→ **Task goal**: Give again, unaltered, the line with "Archivo - La" and all lines that follow it in the listing below, minus any pictures.

═════ Records for processing

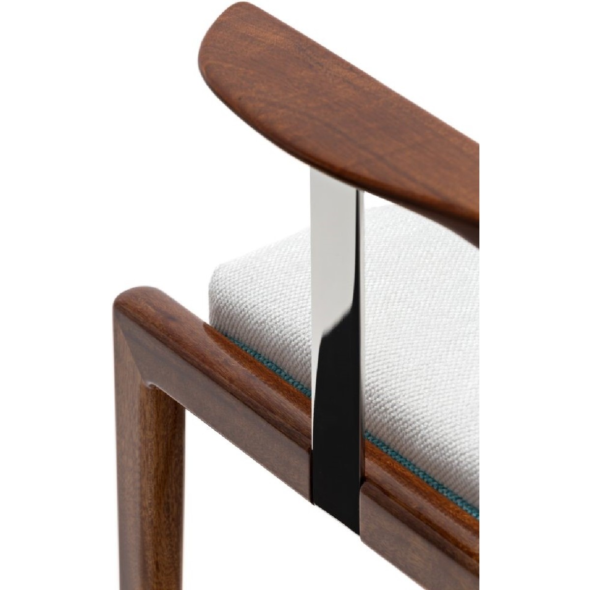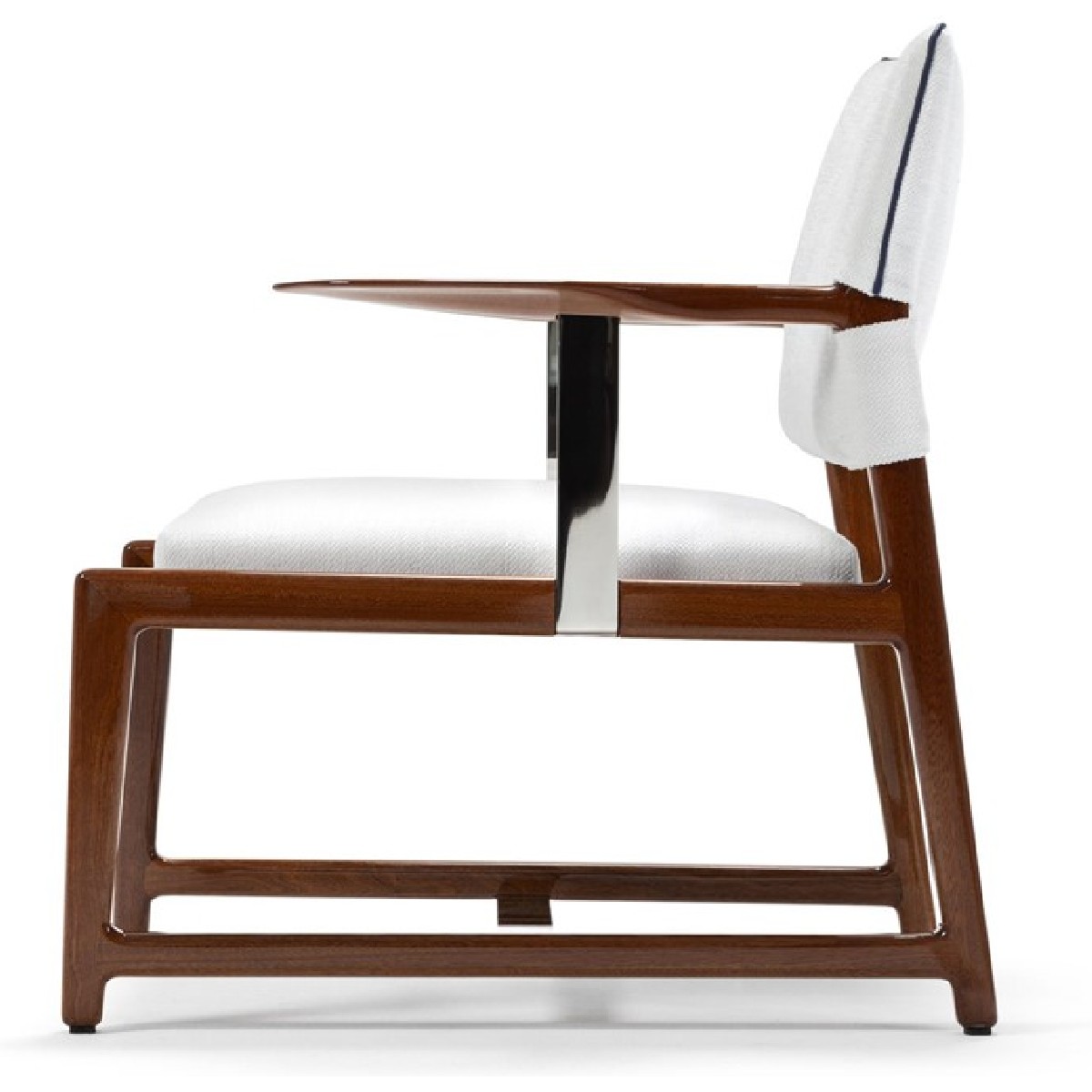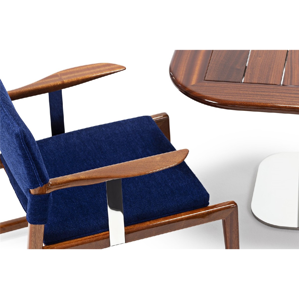 Realizzata in acciaio inox e pregiato legno di mogano, la poltrona incarna l’incontro tra resistenza nautica ed eleganza senza tempo. Il contrasto tra il calore del legno e la purezza del metallo esalta un design fondato sulla durabilità, la precisione e l’armonia materica.
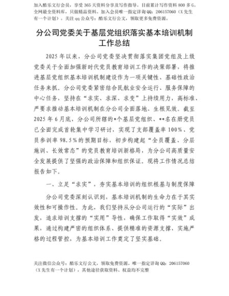 【七哥公文】2025年:【七哥公文】分公司X委关于基层X组织落实基本培训机制工作总结+更多免费公文+VX:QiGeGongWen2024+更多免费公文+VX:QiGeGongWen2024
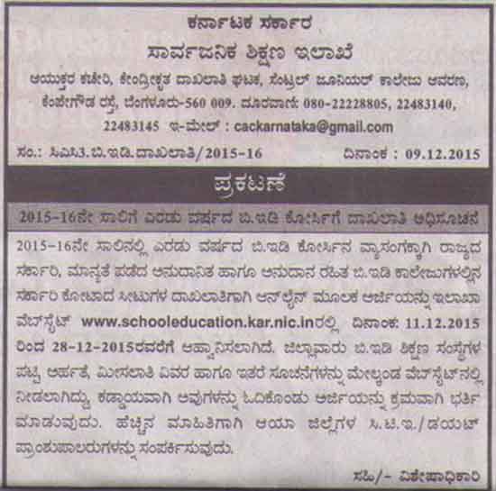Admission Notification 2015-16
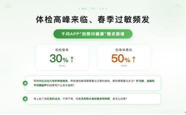 4月17日,來自千問APP的數(shù)據(jù)顯示,受體檢季和春季過敏高發(fā)疊加影響,用戶“拍照問健康”的行為明顯增加。其中,拍檢查單進(jìn)行解讀的需求月環(huán)比增長超過30%,而針對(duì)皮膚等癥狀的拍照咨詢需求增幅更高,超過50%。
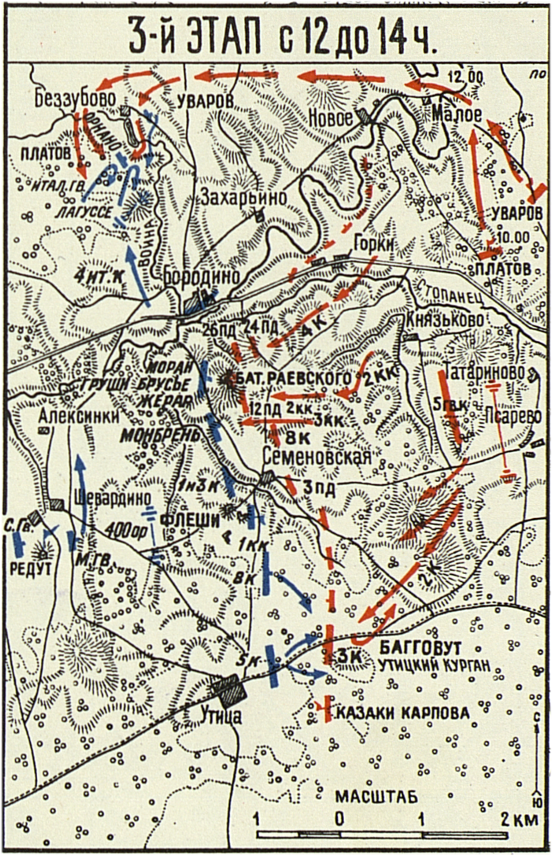 Третий этап Бородинского сражения с 12 до 14 ч.
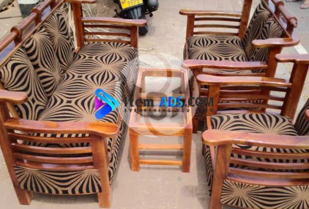 This sofa set made of mahogani wood includes three sofas ( 3, 2, 1 seats )with free coffee table ( with out glass top)
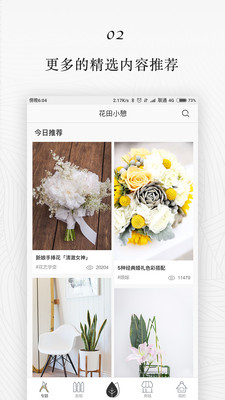 全球达人跨界,每日精选推荐,聚合原创图文视频内容,覆盖花艺教学、园艺设计、家居搭配、芬芳美食、婚嫁指南、诗意生活等不同生活领域,随时随地获取最新定制信息。
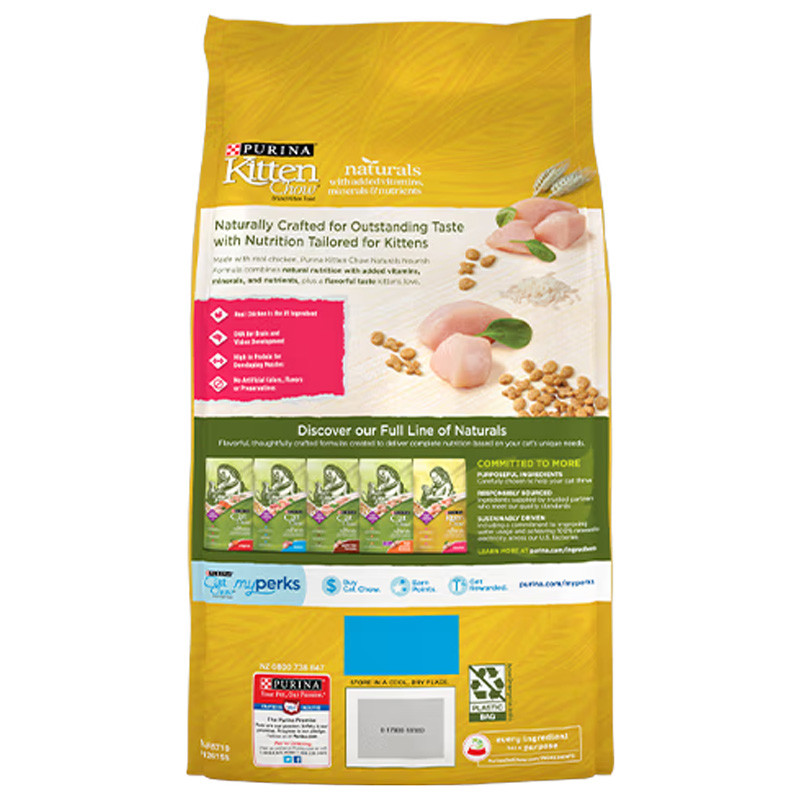 For added peace of mind, each batch is made with responsibly sourced ingredients and carefully prepared in Purina-owned facilities. Backed by proven formulas developed by expert scientists and nutritionists, Kitten Chow® Naturals helps keep your kitten healthy, active, and happy—today and as she grows.
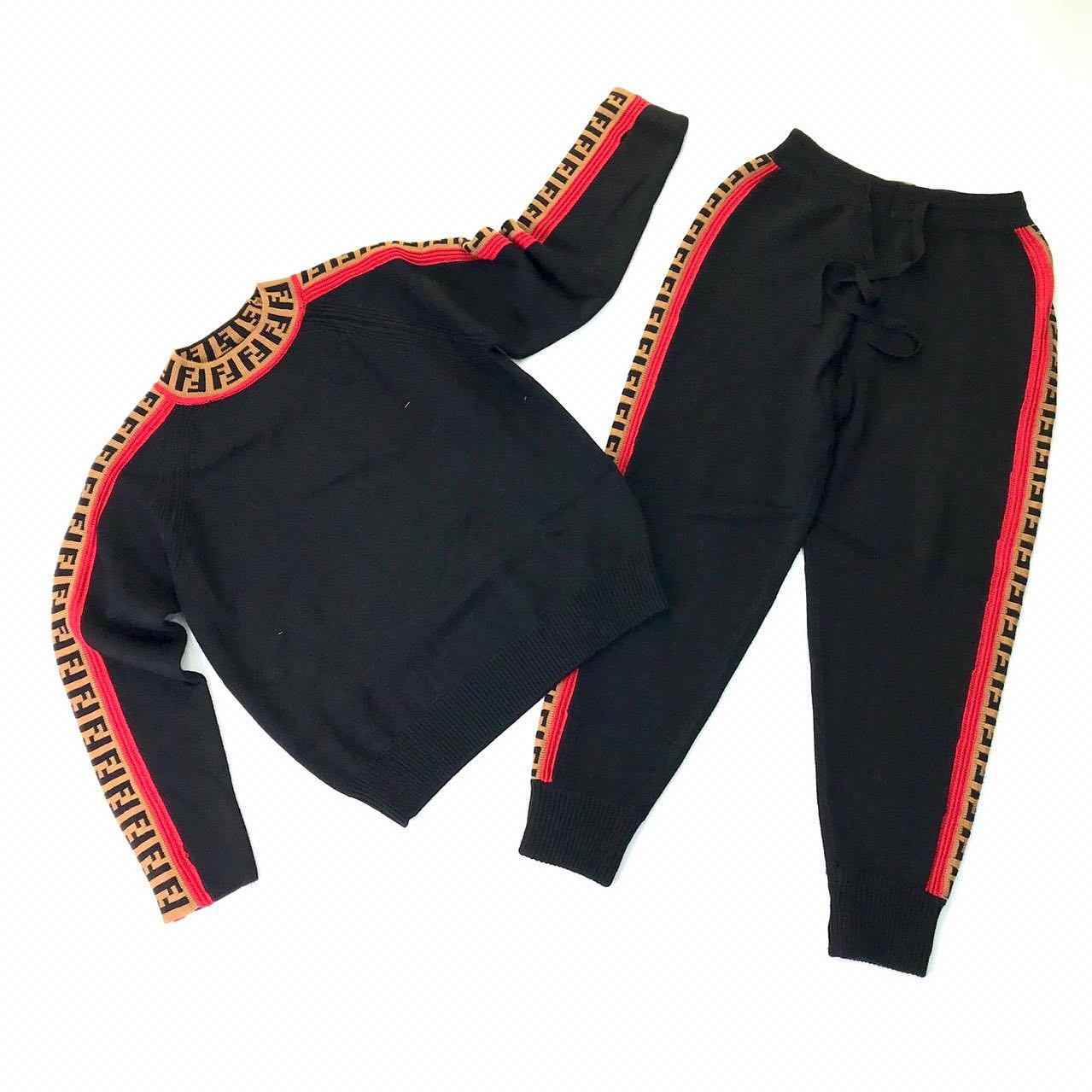 Представленный костюм женский Fendi LUX-42216 сочетает в себе спортивный стиль и элементы роскоши, характерные для бренда Fendi. Комплект состоит из джемпера и брюк, выполненных в классическом черном цвете, дополненных фирменным принтом Fendi и контрастной красной полосой по бокам. Этот костюм идеально подойдет для создания современных и стильных образов как для повседневной носки, так и для активного отдыха, подчеркивая индивидуальность и чувство стиля своей обладательницы.
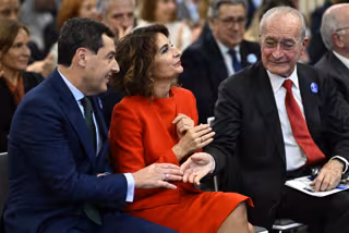 Archivo - La vicepresidenta primera del Gobierno y ministra de Hacienda, María Jesús Montero, junto al presidente de la Junta de Andalucía, Juanma Moreno (i) y el alcalde de Málaga, Francisco de la Torre (d), asisten al acto de presentación de la candidat - Jasper Jacobs - Europa Press - Archivo
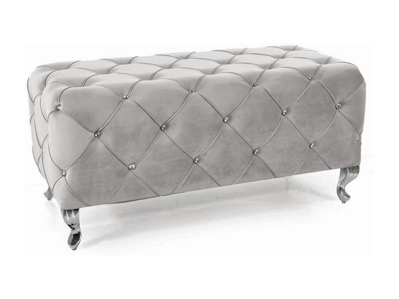 Hesta Pouffe 100 cm hellgrau ideal Hocker schmutzabweisend und kratzfest Sitz Pouffe wird als eine gepolsterte Bank gesteppte Elemente mit Kristallen arbeiten
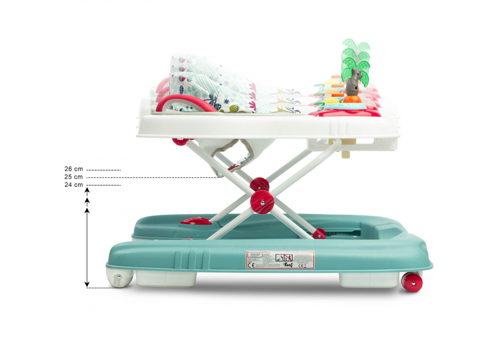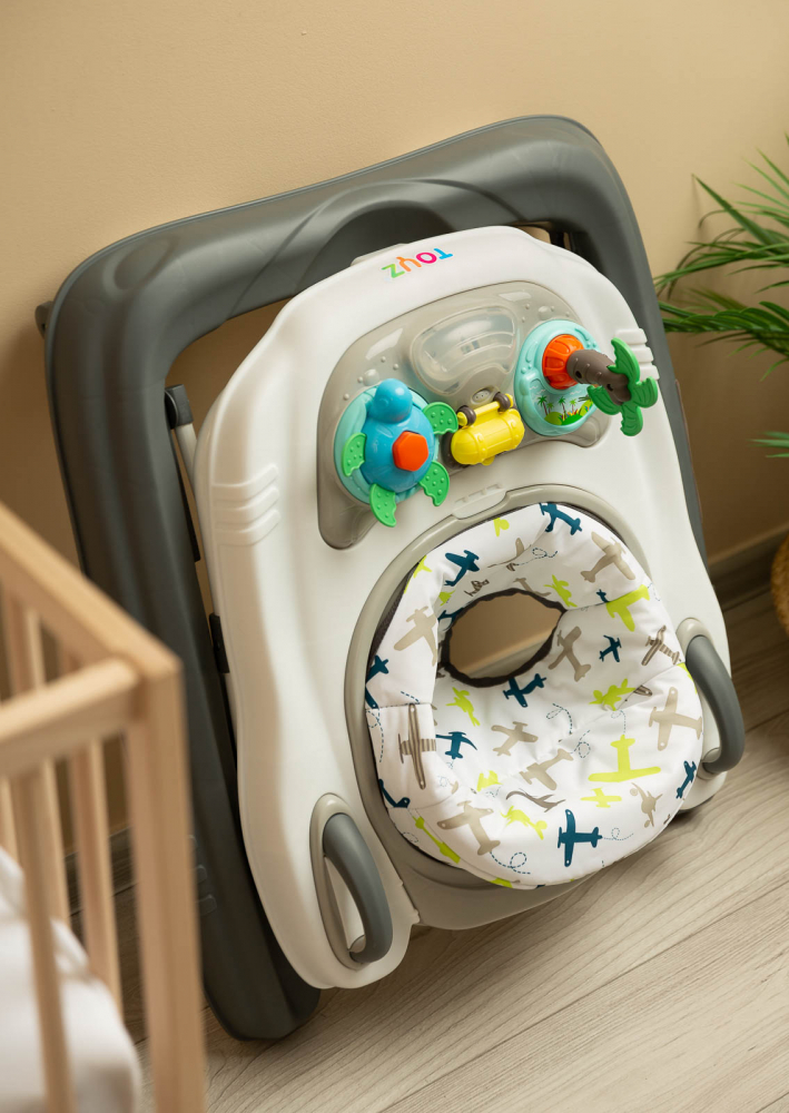 Premergator 2in1 pentru copii Toyz Surf Fly, Roti pivotante, Model pliabil, Scaun reglabil pe inaltime, Spatar inalt, Husa detasabila, Opritoare din cauciuc,Panou cu jucarii interactive detasabil,de la 6 luni pana la 12kg
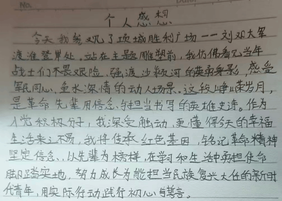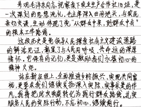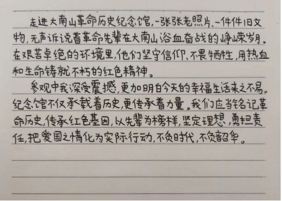 红色情怀,字字句句饱含对革命先烈的崇敬,更彰显了赓续红色血脉、勇担时代使命的坚定决心。一笔一画间,是对革命历史的深刻理解,是对初心使命的深刻感悟,更是对马年新程勇毅前行的郑重承诺。
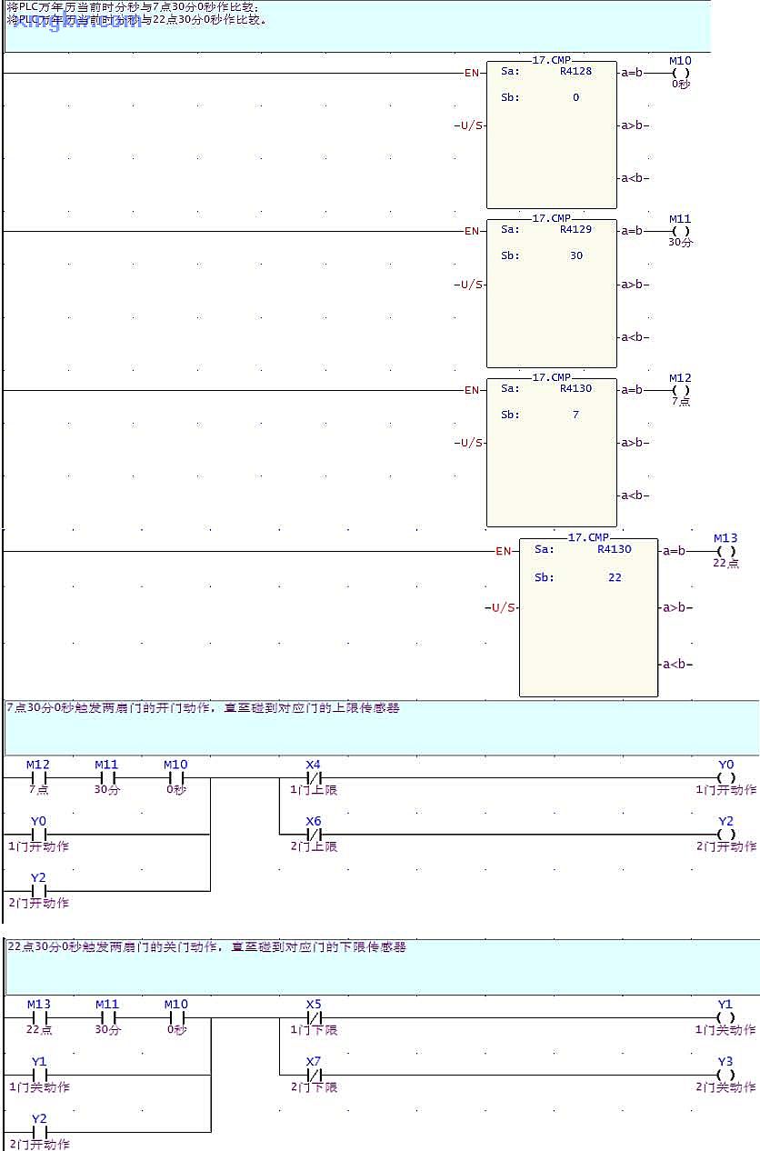PLC萬(wàn)年歷當前時(shí)間與設定時(shí)間,實(shí)現倉庫門(mén)自動(dòng)控制功能。其中程序行 N000~N003為比較指令,若把設定值存放在緩存器中,結合人機界面,即可隨意把任意時(shí)間值(精確到秒)設定為倉庫門(mén)開(kāi)閉時(shí)刻。

══════════

→ **Response**:
 Archivo - La vicepresidenta primera del Gobierno y ministra de Hacienda, María Jesús Montero, junto al presidente de la Junta de Andalucía, Juanma Moreno (i) y el alcalde de Málaga, Francisco de la Torre (d), asisten al acto de presentación de la candidat - Jasper Jacobs - Europa Press - Archivo
 Hesta Pouffe 100 cm hellgrau ideal Hocker schmutzabweisend und kratzfest Sitz Pouffe wird als eine gepolsterte Bank gesteppte Elemente mit Kristallen arbeiten
 Premergator 2in1 pentru copii Toyz Surf Fly, Roti pivotante, Model pliabil, Scaun reglabil pe inaltime, Spatar inalt, Husa detasabila, Opritoare din cauciuc,Panou cu jucarii interactive detasabil,de la 6 luni pana la 12kg
 红色情怀,字字句句饱含对革命先烈的崇敬,更彰显了赓续红色血脉、勇担时代使命的坚定决心。一笔一画间,是对革命历史的深刻理解,是对初心使命的深刻感悟,更是对马年新程勇毅前行的郑重承诺。
PLC萬(wàn)年歷當前時(shí)間與設定時(shí)間,實(shí)現倉庫門(mén)自動(dòng)控制功能。其中程序行 N000~N003為比較指令,若把設定值存放在緩存器中,結合人機界面,即可隨意把任意時(shí)間值(精確到秒)設定為倉庫門(mén)開(kāi)閉時(shí)刻。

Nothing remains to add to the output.